Work required -
Retype the records word for word. Skip every image.

Entries provided -

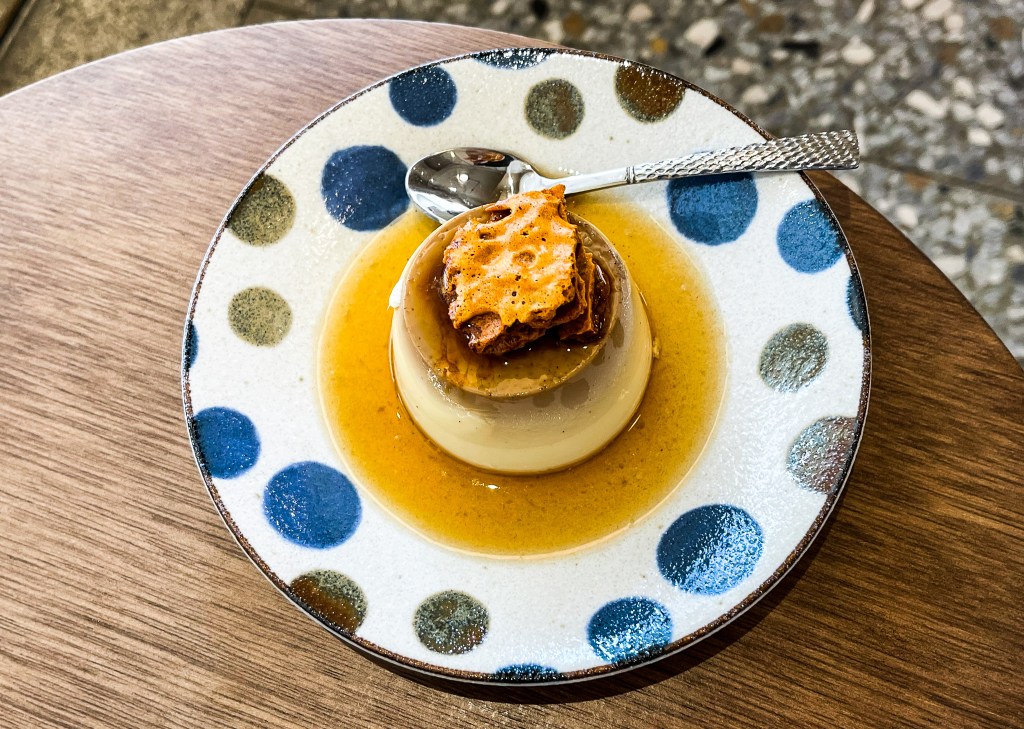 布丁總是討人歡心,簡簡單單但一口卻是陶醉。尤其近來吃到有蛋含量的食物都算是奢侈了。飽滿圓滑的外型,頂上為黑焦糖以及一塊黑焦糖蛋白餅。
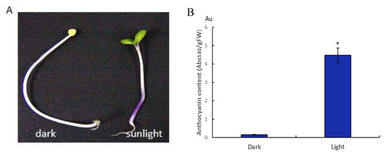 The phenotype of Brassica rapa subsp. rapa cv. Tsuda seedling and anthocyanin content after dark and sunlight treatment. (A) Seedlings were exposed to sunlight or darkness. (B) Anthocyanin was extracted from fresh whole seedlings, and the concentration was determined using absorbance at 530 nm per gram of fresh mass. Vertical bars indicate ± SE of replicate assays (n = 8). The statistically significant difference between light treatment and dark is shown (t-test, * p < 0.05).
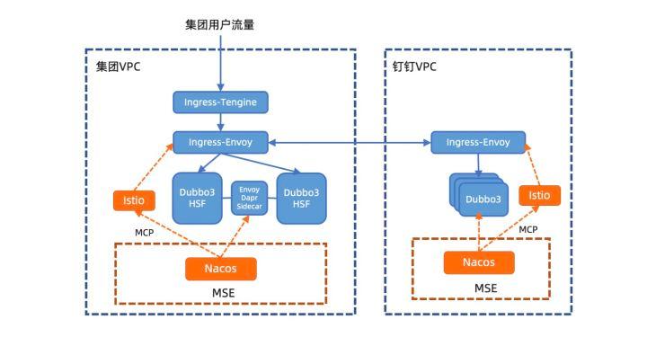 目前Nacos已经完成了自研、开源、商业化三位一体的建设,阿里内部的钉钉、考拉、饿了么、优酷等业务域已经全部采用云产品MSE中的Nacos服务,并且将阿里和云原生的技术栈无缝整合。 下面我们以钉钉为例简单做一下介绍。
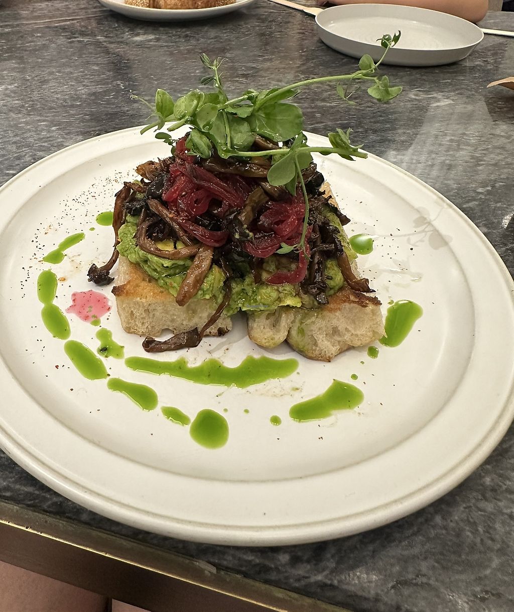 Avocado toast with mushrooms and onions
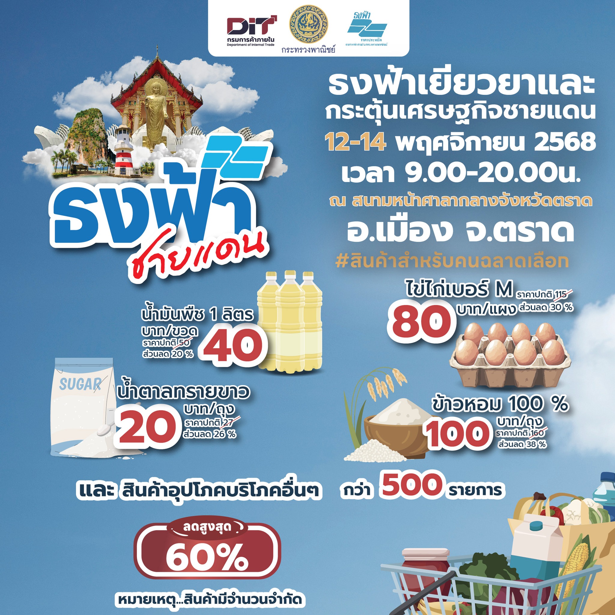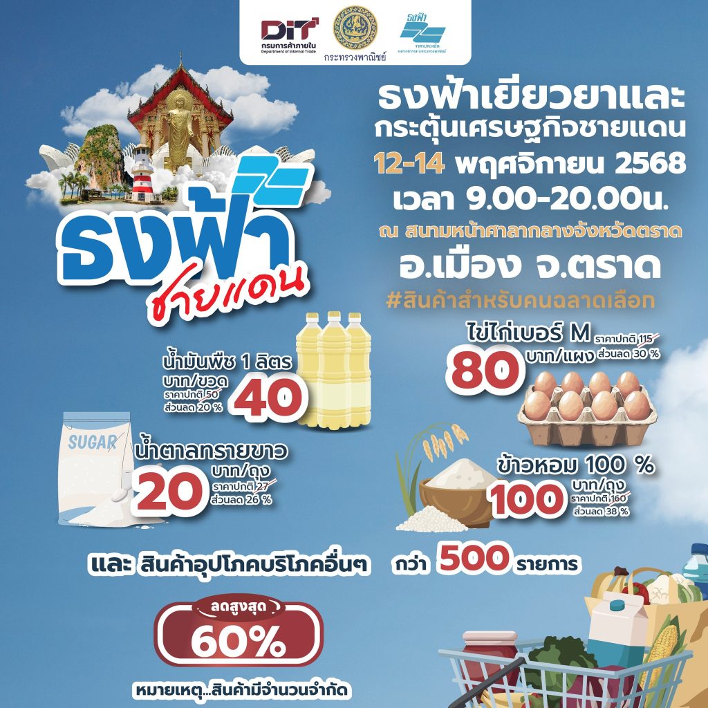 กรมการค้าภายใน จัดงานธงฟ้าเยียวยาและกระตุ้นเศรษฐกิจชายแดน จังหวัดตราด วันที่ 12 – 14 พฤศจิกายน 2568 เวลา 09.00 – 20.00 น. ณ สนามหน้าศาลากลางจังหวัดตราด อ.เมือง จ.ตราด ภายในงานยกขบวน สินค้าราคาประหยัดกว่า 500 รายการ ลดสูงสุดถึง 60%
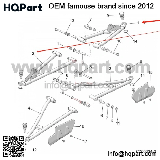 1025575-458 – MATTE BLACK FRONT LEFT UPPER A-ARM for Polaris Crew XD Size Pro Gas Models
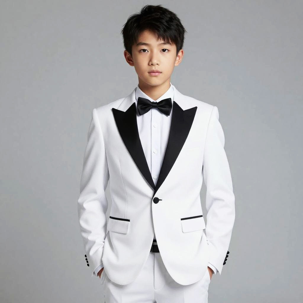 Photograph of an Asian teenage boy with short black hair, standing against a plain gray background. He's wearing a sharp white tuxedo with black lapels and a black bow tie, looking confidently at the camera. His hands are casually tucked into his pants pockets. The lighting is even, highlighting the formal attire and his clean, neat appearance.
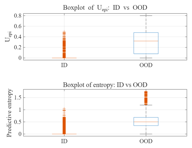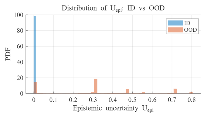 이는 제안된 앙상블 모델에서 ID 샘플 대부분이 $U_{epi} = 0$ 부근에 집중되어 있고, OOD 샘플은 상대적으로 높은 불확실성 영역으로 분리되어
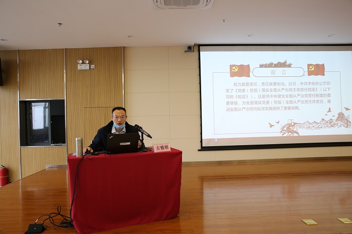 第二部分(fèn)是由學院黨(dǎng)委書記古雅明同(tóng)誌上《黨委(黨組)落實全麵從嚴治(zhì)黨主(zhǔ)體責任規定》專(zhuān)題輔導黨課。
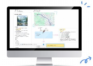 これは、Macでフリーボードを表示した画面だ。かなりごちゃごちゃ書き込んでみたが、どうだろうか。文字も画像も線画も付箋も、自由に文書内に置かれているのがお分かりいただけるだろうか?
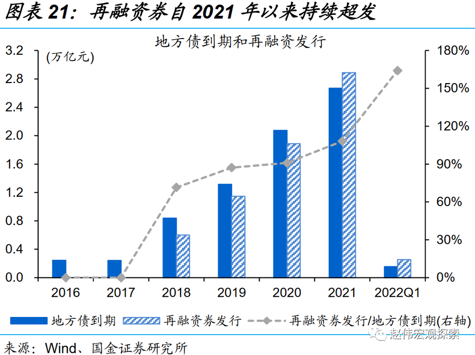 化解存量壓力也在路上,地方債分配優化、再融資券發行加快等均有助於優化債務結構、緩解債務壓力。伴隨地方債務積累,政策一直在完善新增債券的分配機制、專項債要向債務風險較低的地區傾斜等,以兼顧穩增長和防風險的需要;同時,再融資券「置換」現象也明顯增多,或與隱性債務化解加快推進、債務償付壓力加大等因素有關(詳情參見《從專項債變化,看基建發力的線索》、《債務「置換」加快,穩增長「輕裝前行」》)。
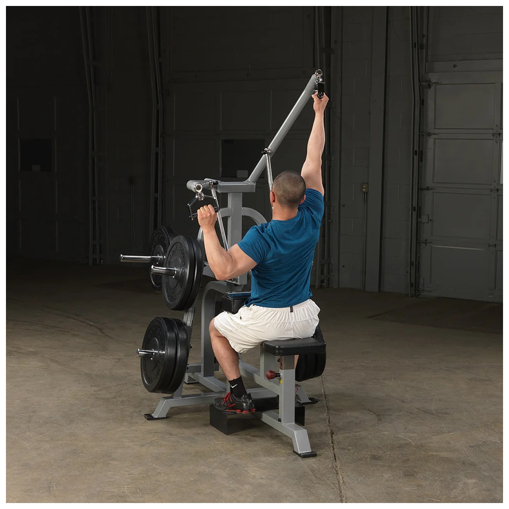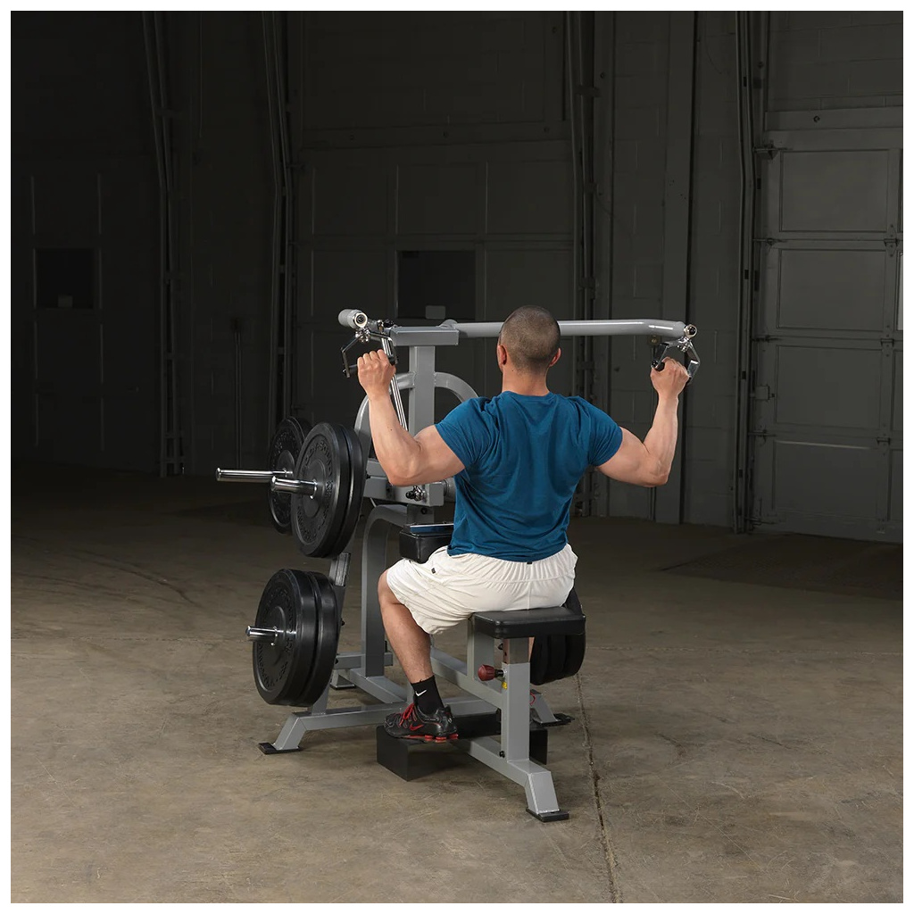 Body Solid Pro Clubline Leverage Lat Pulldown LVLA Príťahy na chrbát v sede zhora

Answer section -
 布丁總是討人歡心,簡簡單單但一口卻是陶醉。尤其近來吃到有蛋含量的食物都算是奢侈了。飽滿圓滑的外型,頂上為黑焦糖以及一塊黑焦糖蛋白餅。
 The phenotype of Brassica rapa subsp. rapa cv. Tsuda seedling and anthocyanin content after dark and sunlight treatment. (A) Seedlings were exposed to sunlight or darkness. (B) Anthocyanin was extracted from fresh whole seedlings, and the concentration was determined using absorbance at 530 nm per gram of fresh mass. Vertical bars indicate ± SE of replicate assays (n = 8). The statistically significant difference between light treatment and dark is shown (t-test, * p < 0.05).
 目前Nacos已经完成了自研、开源、商业化三位一体的建设,阿里内部的钉钉、考拉、饿了么、优酷等业务域已经全部采用云产品MSE中的Nacos服务,并且将阿里和云原生的技术栈无缝整合。 下面我们以钉钉为例简单做一下介绍。
 Avocado toast with mushrooms and onions
 กรมการค้าภายใน จัดงานธงฟ้าเยียวยาและกระตุ้นเศรษฐกิจชายแดน จังหวัดตราด วันที่ 12 – 14 พฤศจิกายน 2568 เวลา 09.00 – 20.00 น. ณ สนามหน้าศาลากลางจังหวัดตราด อ.เมือง จ.ตราด ภายในงานยกขบวน สินค้าราคาประหยัดกว่า 500 รายการ ลดสูงสุดถึง 60%
 1025575-458 – MATTE BLACK FRONT LEFT UPPER A-ARM for Polaris Crew XD Size Pro Gas Models
 Photograph of an Asian teenage boy with short black hair, standing against a plain gray background. He's wearing a sharp white tuxedo with black lapels and a black bow tie, looking confidently at the camera. His hands are casually tucked into his pants pockets. The lighting is even, highlighting the formal attire and his clean, neat appearance.
 이는 제안된 앙상블 모델에서 ID 샘플 대부분이 $U_{epi} = 0$ 부근에 집중되어 있고, OOD 샘플은 상대적으로 높은 불확실성 영역으로 분리되어
 第二部分(fèn)是由學院黨(dǎng)委書記古雅明同(tóng)誌上《黨委(黨組)落實全麵從嚴治(zhì)黨主(zhǔ)體責任規定》專(zhuān)題輔導黨課。
 これは、Macでフリーボードを表示した画面だ。かなりごちゃごちゃ書き込んでみたが、どうだろうか。文字も画像も線画も付箋も、自由に文書内に置かれているのがお分かりいただけるだろうか?
 化解存量壓力也在路上,地方債分配優化、再融資券發行加快等均有助於優化債務結構、緩解債務壓力。伴隨地方債務積累,政策一直在完善新增債券的分配機制、專項債要向債務風險較低的地區傾斜等,以兼顧穩增長和防風險的需要;同時,再融資券「置換」現象也明顯增多,或與隱性債務化解加快推進、債務償付壓力加大等因素有關(詳情參見《從專項債變化,看基建發力的線索》、《債務「置換」加快,穩增長「輕裝前行」》)。
 Body Solid Pro Clubline Leverage Lat Pulldown LVLA Príťahy na chrbát v sede zhora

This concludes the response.